I keep thinking about all my “best laid” plans to get back to blogging full time. For some reason they keep getting derailed. First, my blog got hacked and I had to completely wipe it out and start fresh…which actually ended up being a benefit as I like the new blog design much better, so I can definitely see the good that came from the bad. Then after I got it all set up and ready to go, I broke my hand…my right hand…so I couldn’t really type for quite a few weeks. For someone who likes to have her life all planned out, those surprises can throw me for a loop. But I also think about quitting and failure and grace.
I am a pretty stubborn person by nature. I am easy-going and very patient, but when I set my mind to something, I’m going to figure out how to do it. There are times this serves me well and times it doesn’t. Sometimes, we do need to quit. And it’s not a failure. Sometimes, what we are doing is not the best for us or our family. It’s not going to move us closer to our dreams and goals. It’s in those times, we need to have the courage to quit. To lay down what might be good, for what is best (more of my thoughts on this are here if you missed it). We can’t count that as a failure when we choose to stop doing things that don’t move us forward. But there are those times when we know we are doing something that we love, that we want to be part of our lives, that we know in our heart of hearts is moving us toward our dreams…and we keep getting off-track.
As a planner, I hate to feel like I’m derailing….like I’m heading off in a direction opposite (or even alongside, but still not on) the path I’m supposed to be following. Do you ever feel like that? Like you can see the place you’re supposed to be walking, but you realize you are not on that road? It’s easy to get down on ourselves, to feel like failures, to wonder if we’ll ever be able to get back to that road we need to be on. And that’s when we need grace.

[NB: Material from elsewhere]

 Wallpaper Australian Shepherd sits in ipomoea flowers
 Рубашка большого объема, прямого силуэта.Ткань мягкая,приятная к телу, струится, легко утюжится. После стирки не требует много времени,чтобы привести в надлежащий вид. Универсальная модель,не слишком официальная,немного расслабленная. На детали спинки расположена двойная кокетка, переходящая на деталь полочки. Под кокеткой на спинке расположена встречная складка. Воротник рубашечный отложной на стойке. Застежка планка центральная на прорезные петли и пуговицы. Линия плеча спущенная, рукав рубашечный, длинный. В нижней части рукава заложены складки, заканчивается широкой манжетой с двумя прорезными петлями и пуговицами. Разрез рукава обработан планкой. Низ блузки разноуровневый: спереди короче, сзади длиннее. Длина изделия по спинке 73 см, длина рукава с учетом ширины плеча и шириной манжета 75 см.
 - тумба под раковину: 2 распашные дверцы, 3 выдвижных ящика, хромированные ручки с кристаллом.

We are often harder on ourselves than others are. We feel like we just can’t start over one.more.time. What will people think? Why can’t I just keep it together? What is my problem that I keep wandering off the path?
It takes courage to step out on the road toward our dreams. It takes grace to allow ourselves to see that we have wandered off and instead of giving up, we march ourselves back onto that road once again.
I am learning to give myself grace. A planner, who is a perfectionist, has a hard time with that. But I’m also a single mom, homeschooling her kids, working full time from home…and so sometimes, I wander off Dream Road…or get dragged off by Life. I’m figuring out how to give myself grace to say “It’s ok to be off-track; now let’s get back on it”.
Have you been dragged off Dream Road lately? If so, I encourage you to, first, give yourself grace to not be perfect all the time, to not always have it all together. Then, have the courage to march back over and start walking that road toward your dreams once again. We can do this!!